Restate the listing below word for word. No picture belongs in the result.

DATASET SECTION
= Beginning of Section =

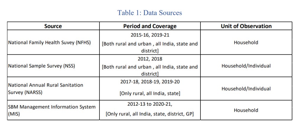 Each of these are important, and noteworthy. The report speaks about how the Swachh Bharat Mission - Gramin (SBM-G) builds on earlier programs - The Central Rural Sanitation Program (1986-1999) and the Total Sanitation Campaign (1999-2012, rebranded as Nirmal Bharat Abhiyan from 2012-2014), and mentions how the scale that this particular program achieved was truly noteworthy:
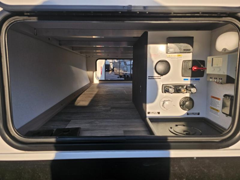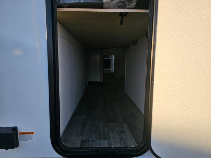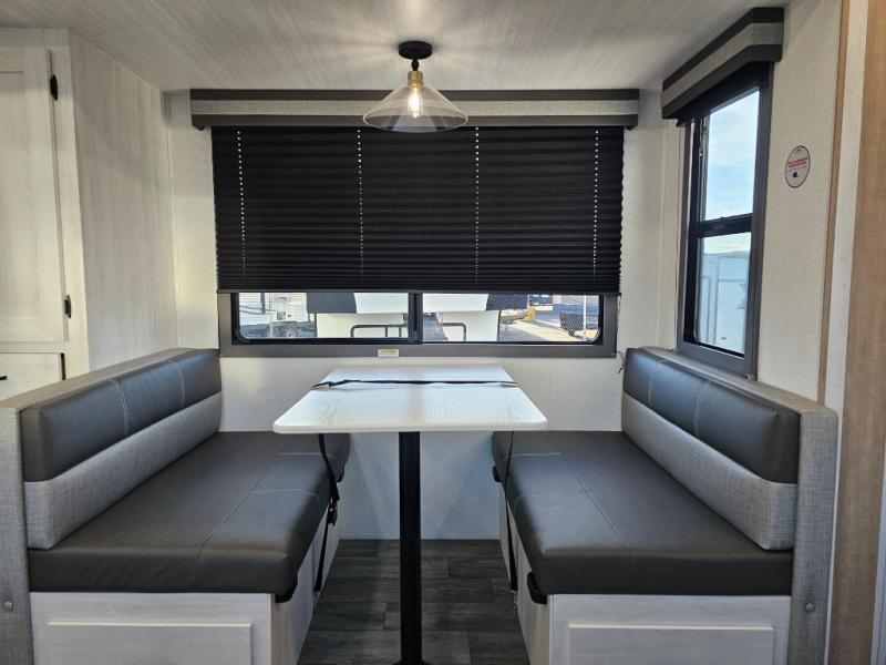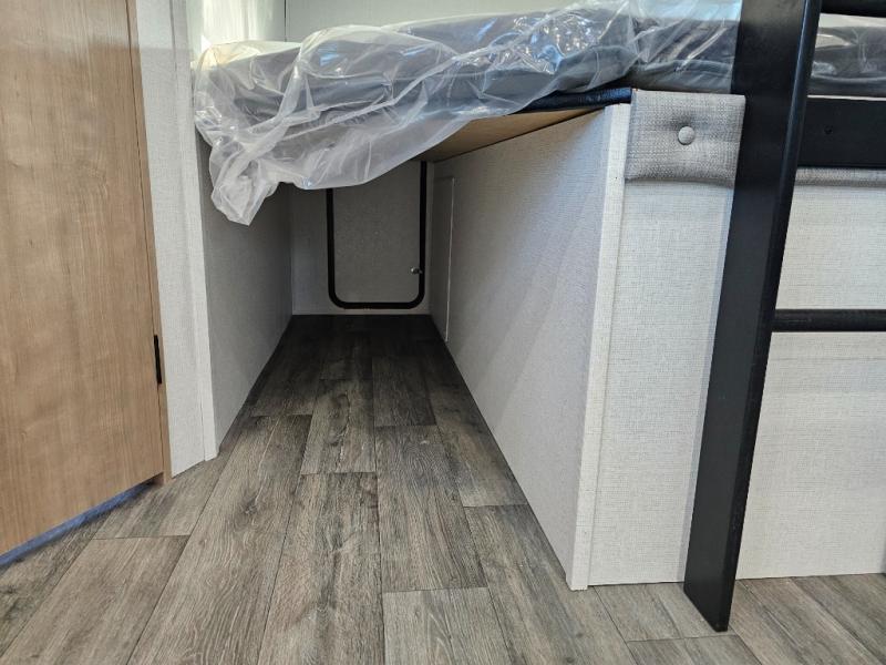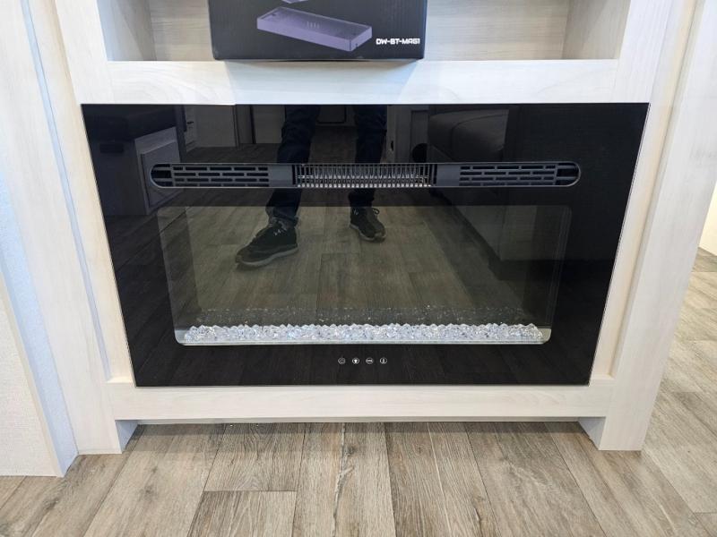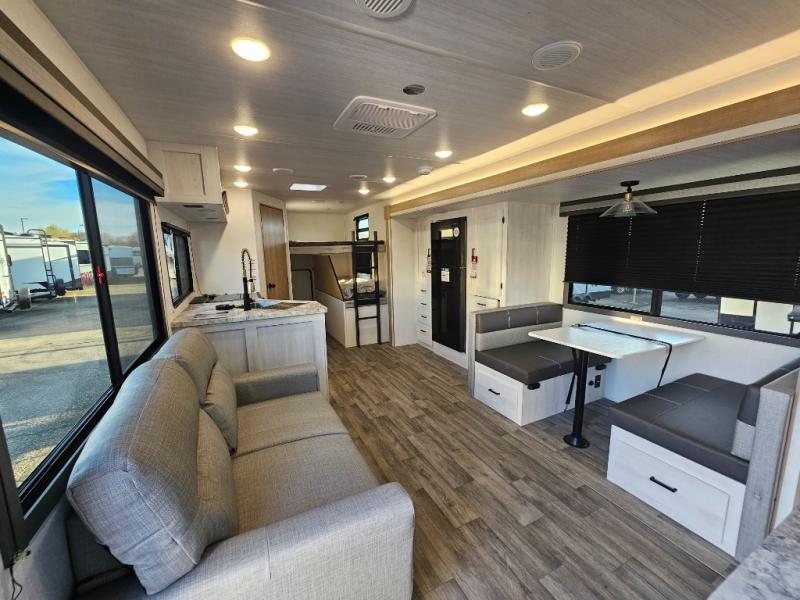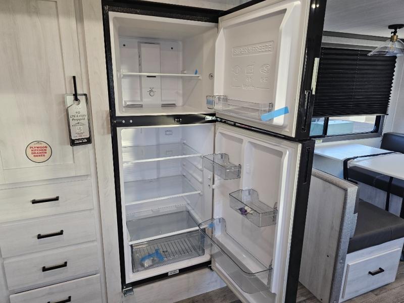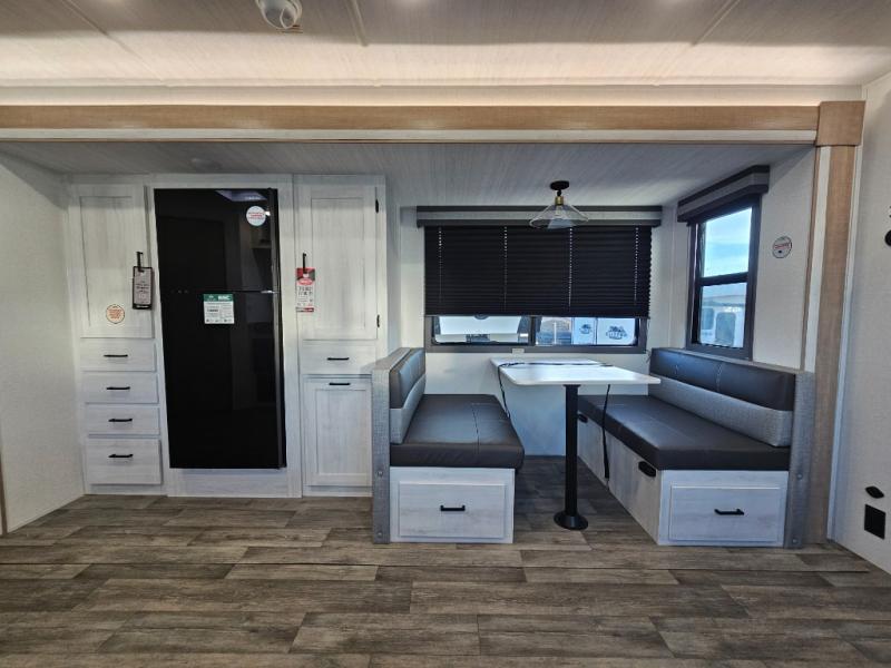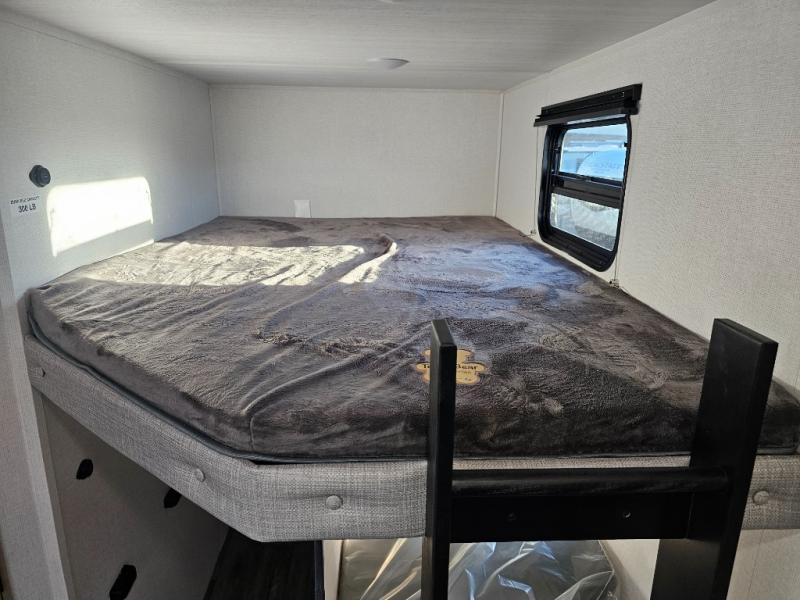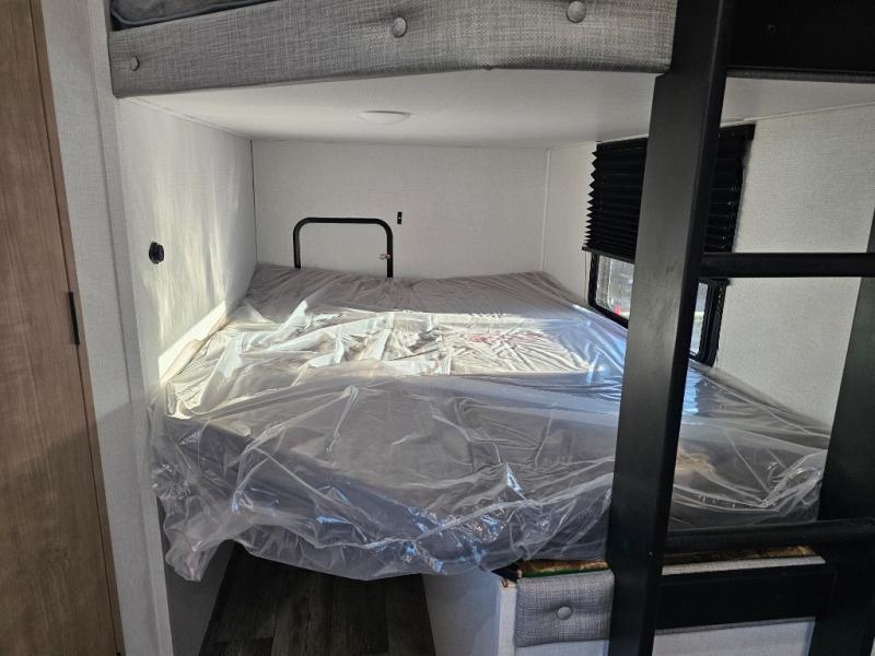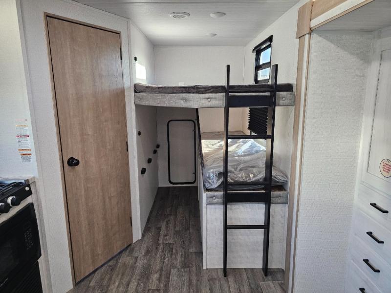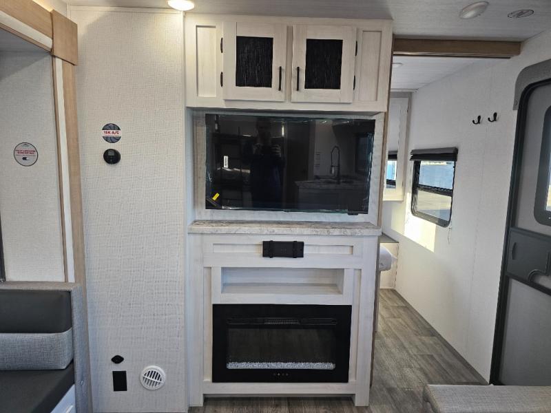 The whole family will have a fun time camping in this travel trailer! The kiddos or guests can sleep on the rear corner double over double bunk beds with additional storage, and you can sleep on the queen bed located in the front private bedroom. Everyone can rinse the sand out of their hair in the rear corner bathroom with the ABS tub surround, plus it has one of the dual entry doors. The fireplace adds comfort while you are relaxing on the tri-fold sofa which can be replaced for optional theater seating. With a countertop extension and air fryer microwave, the chef will have an easy time preparing delicious home cooked meals that can be enjoyed at the booth dinette with storage underneath. There is not only an interior 10.7 cu. ft. residential inspired refrigerator, but also an exterior 1.6 cu. ft. refrigerator. There is plenty of exterior storage and even an outside shower with hot and cold water!
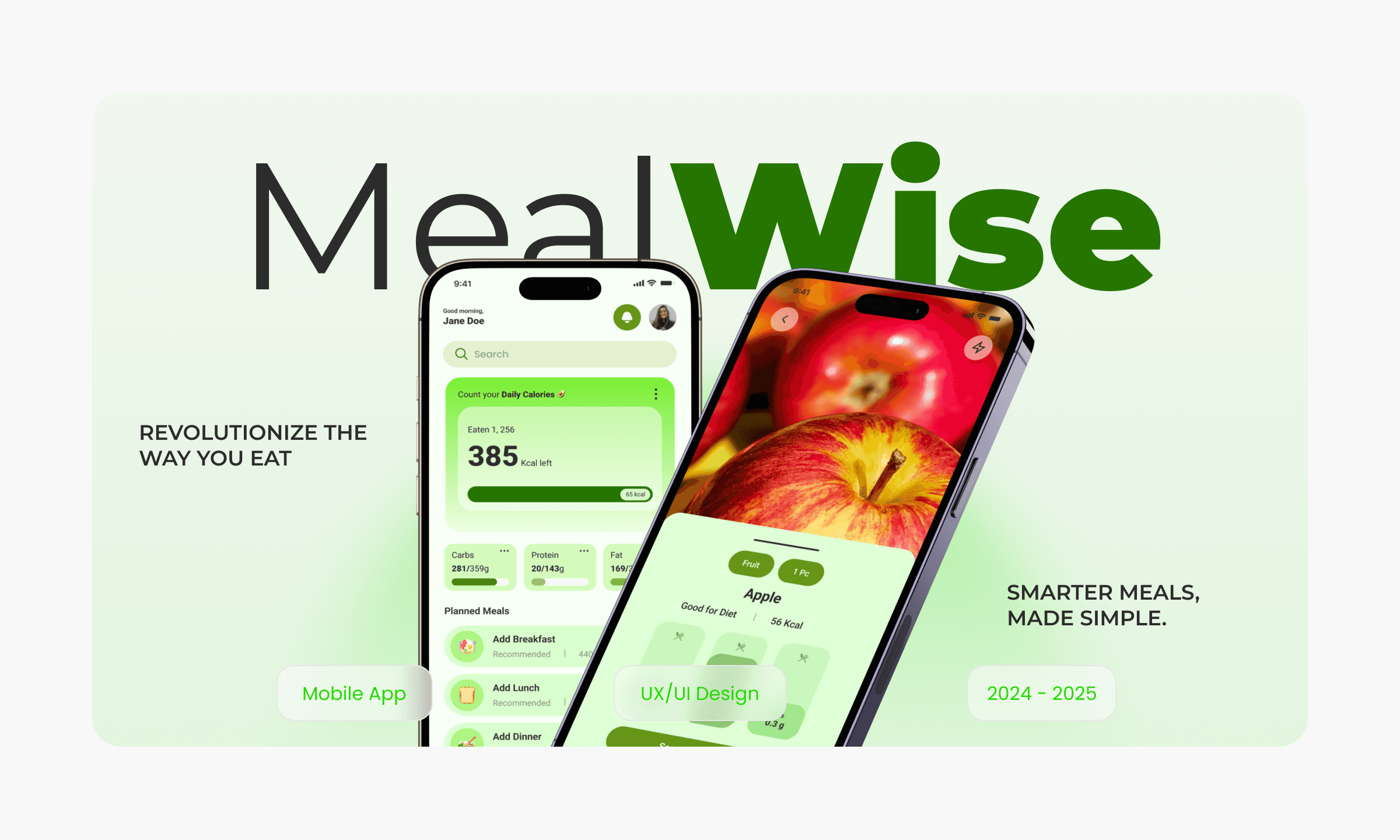 The task was to design a nutrition-first meal planning experience that simplifies healthy eating by guiding users from meal decisions to portion control and grocery planning, while keeping the experience intuitive, practical, and easy to sustain in everyday life.
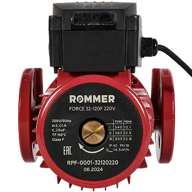 ROMMER Насос циркуляционный FORCE фланцевый, трехскоростной 32-120F 220V RPF-0001-32120220: основные характеристики

= End of Section =

RESULT
 Each of these are important, and noteworthy. The report speaks about how the Swachh Bharat Mission - Gramin (SBM-G) builds on earlier programs - The Central Rural Sanitation Program (1986-1999) and the Total Sanitation Campaign (1999-2012, rebranded as Nirmal Bharat Abhiyan from 2012-2014), and mentions how the scale that this particular program achieved was truly noteworthy:
 The whole family will have a fun time camping in this travel trailer! The kiddos or guests can sleep on the rear corner double over double bunk beds with additional storage, and you can sleep on the queen bed located in the front private bedroom. Everyone can rinse the sand out of their hair in the rear corner bathroom with the ABS tub surround, plus it has one of the dual entry doors. The fireplace adds comfort while you are relaxing on the tri-fold sofa which can be replaced for optional theater seating. With a countertop extension and air fryer microwave, the chef will have an easy time preparing delicious home cooked meals that can be enjoyed at the booth dinette with storage underneath. There is not only an interior 10.7 cu. ft. residential inspired refrigerator, but also an exterior 1.6 cu. ft. refrigerator. There is plenty of exterior storage and even an outside shower with hot and cold water!
 The task was to design a nutrition-first meal planning experience that simplifies healthy eating by guiding users from meal decisions to portion control and grocery planning, while keeping the experience intuitive, practical, and easy to sustain in everyday life.
 ROMMER Насос циркуляционный FORCE фланцевый, трехскоростной 32-120F 220V RPF-0001-32120220: основные характеристики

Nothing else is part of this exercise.